Pierce College currently does not have a drug policy for athletes and is not planning on creating one any time soon.
Athletic Director Bob Lofrano said coaches are in control of discipline. Before the beginning of each season, each coach talks to their athletes about rules and discipline.
“Students are supposed to know what to do and all that kind of stuff and not do. If they screw up, then you know you have to come in and do something to them,” Lofrano said.
Women’s soccer coach Adolfo Perez has been at Pierce for 16 years and believes rules are in place for a reason.
“I think that being a student athlete, you’re held to higher standards than just a normal student because you have to be responsible,” Perez said. “Athletes with discipline issues are dealt with at an isolated basis.”
According to Lofrano, there probably won’t be an anti-drug policy in the future. Implementing drug testing is very expensive and it is the reason why Pierce does not currently have a drug policy.
“I honestly don’t know of any school that has drug tested at the community college level.

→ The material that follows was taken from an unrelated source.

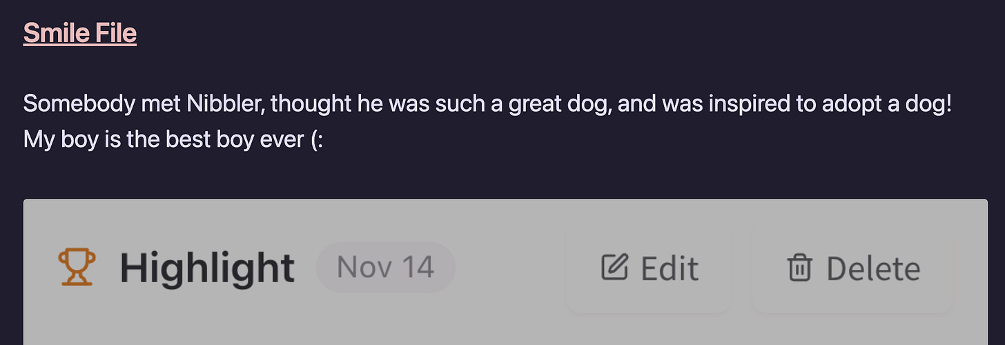 The Smile File is simple: a folder where I save every kind message, thank-you note, or small win I’ve earned.

We follow the decorum policy and that’s important too,” Lofrano said. “That’s not so much a drug thing, that’s just behavioral, basically how you behave on the field.”
Football coach Jason Sabolic said it would be a good idea to perform a drug policy for the safety of the student athletes, because even though they’re of age, some choose to make wrong decisions.
“It would help cut out some of the disciplinary issues that we had to deal with over the course of the years,” Sabolic said.
According to Sabolic, teachers have the right to report any illegal activities or behavior.
“If an athlete were to be doing drugs there would be levy heavy punishment,” Sabolic said. “There would be team excusal and a report.
Former Pierce football player Justin Pitts thinks the school should have a drug policy because drugs are not something students should have at school.
“I mean you shouldn’t be doing it clearly,” Pitts said. “I’ve never heard of any athletes doing drugs while I was here. Sure they have, but not that I know of.”